In late November, Mexico detected their first case of New World screwworm (NWS). NWS flies lay their larvae in the open wounds of livestock, which then eat the livestock’s flesh, causing infections. In the 1950s, the U.S. eradicated this pest, which historically ranged as far north as central California and Arizona. However, there is concern that if NWS returns to the U.S., it could spread even further than its historic range. Since 2006, the U.S. has worked with Panama to prevent NWS from moving north into Central and North America. Despite control efforts NWS has spread north over the past two years and has now been detected in Chiapas, the southernmost state in Mexico. In response, USDA is restricting live cattle imports from Mexico for at least three weeks to assess the situation and will likely establish quarantine measures for imported cattle. NWS infections are hard to detect.
Cattle imports from Mexico are vital to the U.S. cattle inventory, making up 5% of total feedlot placements. November and December are peak times for these imports, potentially affecting imports of over 1 million head if temporary restrictions last longer than three weeks. Feedlots in the Southwest would be most impacted by a temporary shutdown through reduced feeder cattle supplies and increased prices. However, on December 2, USDA reported trade should be restored by January, leading to sharp losses in feeder cattle futures, with prices dropping $2.02 to $3.07 per cwt.
Looking ahead, conditions are likely to support lower input costs for cattle producers in 2025. In the U.S., drought conditions have improved over the past month, going from 62% of cattle inventory in drought down to 40% on December 3. Western cattle producers saw some of the most significant reductions in drought conditions for cattle regions. The lower 2024 hay prices due to drought improvement are likely to be sustained into 2025.

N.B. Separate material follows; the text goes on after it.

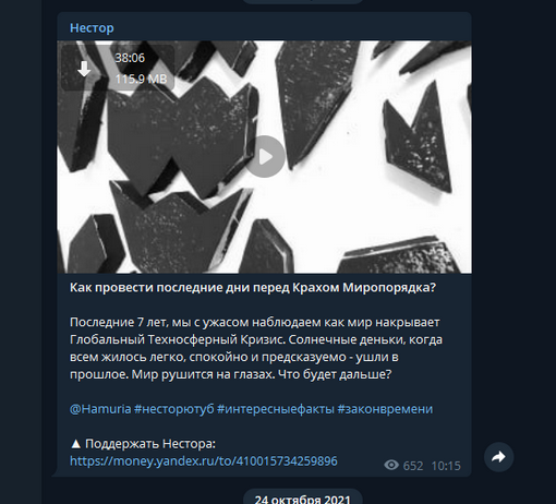 Внимание! Нестор зачистил канал, пропали все острые ролики. (Про ковид, глобальное потепление, крах мирового порядка и т.д) Качайте и сохраняйте из телеги пока не поздно, потом не нойте, что не успели сохранить базу Нестора... https://t.me/Hamuria

Cattle prices are likely to remain elevated in 2025 on tight supplies. Steer calf prices saw improvements in October and November. Feeder cattle prices are also historically strong. As of November 1, feedlot inventories were at 11.99 million head, equivalent to inventories from a year ago. October's feedlot placements were slightly higher than pre-report expectations, at 105.3% of year-ago levels. Placements grew in all regions except the Northwest, which saw a slight decline from 2023 numbers. Placement rates suggest the beef cow herd has continued to decrease in 2024. Heifer retention is crucial for herd expansion, but current heifer slaughter rates indicate this is not yet occurring. This limits prospects for herd expansion in 2025.
Profitability
Cattle feeders: Profitable - Neutral 12-month outlook
Cow-calf producers: Profitable - Neutral 12-month outlook
Packers and feedlots will have to balance over-capacity against a continued tightening cattle supply. The cost of acquiring cattle will pose significant challenges for profitability. Scarcity may lead to intensified competition and higher prices, but lower feed costs will help mitigate high placement costs.
Historically high cattle prices and lower feed costs support long-term cow-calf profitability. However, consumer demand could pose headwinds if it doesn't keep pace with rising beef prices.